● **Excerpted records**:
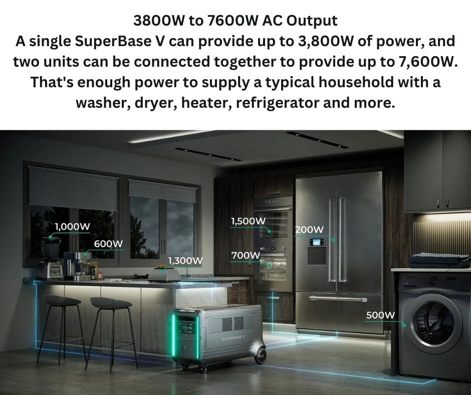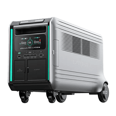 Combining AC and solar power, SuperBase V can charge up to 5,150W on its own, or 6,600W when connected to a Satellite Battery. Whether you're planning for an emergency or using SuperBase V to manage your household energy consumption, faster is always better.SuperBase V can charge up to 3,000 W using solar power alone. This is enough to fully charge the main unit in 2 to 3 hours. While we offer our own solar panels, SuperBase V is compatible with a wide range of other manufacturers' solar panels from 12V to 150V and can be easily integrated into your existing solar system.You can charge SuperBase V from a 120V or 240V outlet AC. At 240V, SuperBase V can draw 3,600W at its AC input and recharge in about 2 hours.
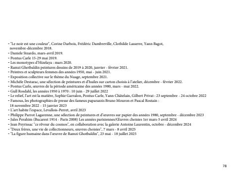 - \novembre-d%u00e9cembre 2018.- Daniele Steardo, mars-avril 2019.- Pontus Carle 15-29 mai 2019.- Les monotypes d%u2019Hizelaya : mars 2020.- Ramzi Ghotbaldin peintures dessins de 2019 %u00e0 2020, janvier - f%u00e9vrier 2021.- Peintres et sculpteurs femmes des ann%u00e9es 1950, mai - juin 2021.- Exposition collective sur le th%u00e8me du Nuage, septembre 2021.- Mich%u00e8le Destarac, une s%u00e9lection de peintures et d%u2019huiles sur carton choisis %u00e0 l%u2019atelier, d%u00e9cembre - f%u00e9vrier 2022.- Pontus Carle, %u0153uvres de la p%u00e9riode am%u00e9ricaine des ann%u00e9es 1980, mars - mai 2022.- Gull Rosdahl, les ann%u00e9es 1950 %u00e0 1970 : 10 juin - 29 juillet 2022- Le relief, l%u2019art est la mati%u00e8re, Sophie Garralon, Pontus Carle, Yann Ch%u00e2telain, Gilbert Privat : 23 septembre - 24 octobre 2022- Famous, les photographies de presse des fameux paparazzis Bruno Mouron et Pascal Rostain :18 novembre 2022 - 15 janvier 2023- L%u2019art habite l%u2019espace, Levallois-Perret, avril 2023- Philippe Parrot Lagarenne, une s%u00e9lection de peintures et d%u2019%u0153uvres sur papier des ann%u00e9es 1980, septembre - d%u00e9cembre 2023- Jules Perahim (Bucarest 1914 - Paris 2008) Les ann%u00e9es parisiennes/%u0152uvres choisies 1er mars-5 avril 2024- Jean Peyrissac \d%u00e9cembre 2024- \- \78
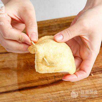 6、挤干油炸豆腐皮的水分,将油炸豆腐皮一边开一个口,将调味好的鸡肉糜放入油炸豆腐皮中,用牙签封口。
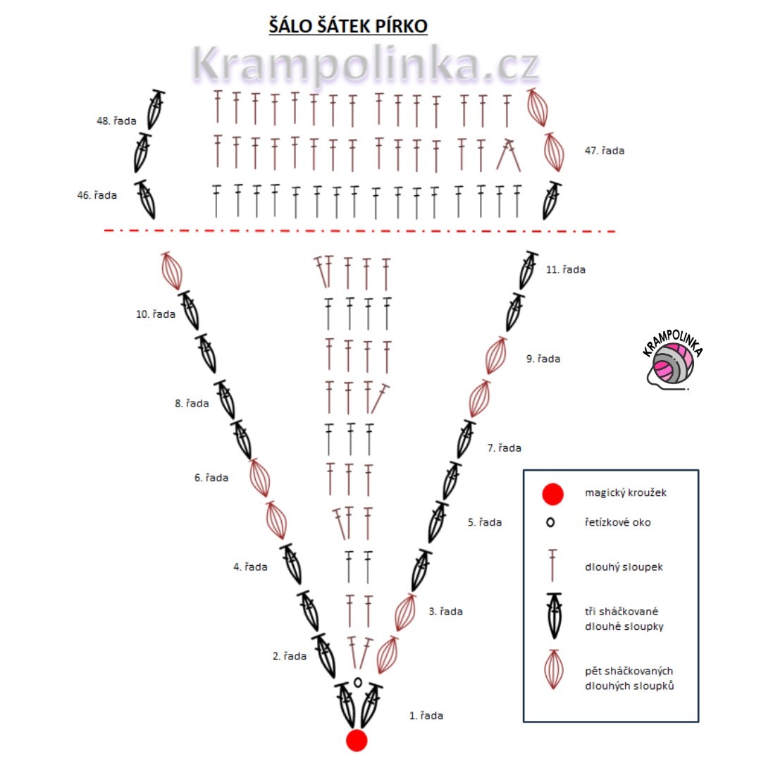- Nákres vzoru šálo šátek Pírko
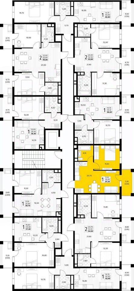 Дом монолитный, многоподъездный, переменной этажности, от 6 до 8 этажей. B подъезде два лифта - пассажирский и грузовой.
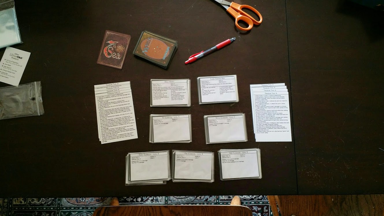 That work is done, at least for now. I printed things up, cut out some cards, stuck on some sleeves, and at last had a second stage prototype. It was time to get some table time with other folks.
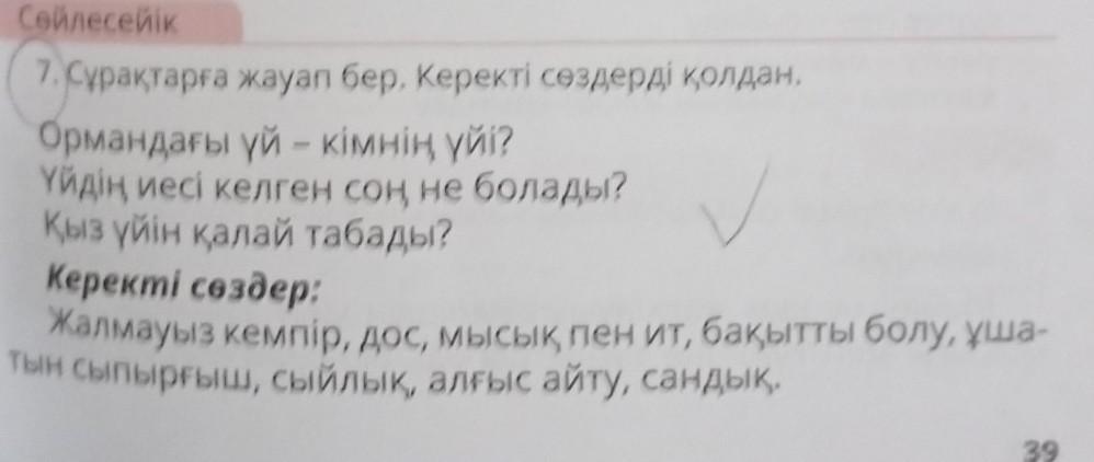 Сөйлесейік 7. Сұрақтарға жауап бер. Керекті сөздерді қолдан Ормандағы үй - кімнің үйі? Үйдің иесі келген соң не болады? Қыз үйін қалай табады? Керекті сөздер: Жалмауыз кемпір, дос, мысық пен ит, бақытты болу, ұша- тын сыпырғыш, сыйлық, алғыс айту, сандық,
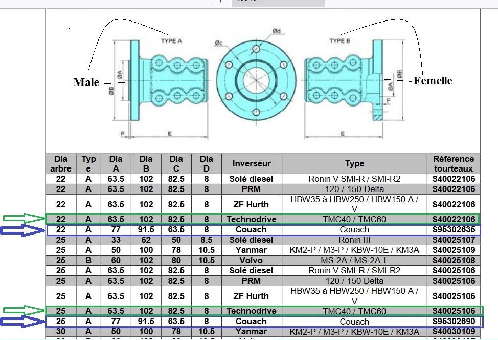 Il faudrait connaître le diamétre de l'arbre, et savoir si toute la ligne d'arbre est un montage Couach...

--

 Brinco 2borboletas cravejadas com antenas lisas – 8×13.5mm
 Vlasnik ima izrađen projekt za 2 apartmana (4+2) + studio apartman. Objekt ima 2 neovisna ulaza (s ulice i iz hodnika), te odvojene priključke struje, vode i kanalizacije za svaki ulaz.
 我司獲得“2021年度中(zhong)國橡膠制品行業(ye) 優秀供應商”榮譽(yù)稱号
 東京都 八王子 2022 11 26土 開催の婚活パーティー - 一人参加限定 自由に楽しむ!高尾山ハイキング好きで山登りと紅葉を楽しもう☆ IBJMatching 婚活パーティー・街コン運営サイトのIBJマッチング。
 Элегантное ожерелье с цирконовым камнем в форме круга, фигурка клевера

● **Work to complete**: The listing above holds a line with "東京都 八王子 2022" and a line with "Элегантное ожерелье с". Print the stretch from the first through the second, exactly and alone.

● **Written answer**:
 東京都 八王子 2022 11 26土 開催の婚活パーティー - 一人参加限定 自由に楽しむ!高尾山ハイキング好きで山登りと紅葉を楽しもう☆ IBJMatching 婚活パーティー・街コン運営サイトのIBJマッチング。
 Элегантное ожерелье с цирконовым камнем в форме круга, фигурка клевера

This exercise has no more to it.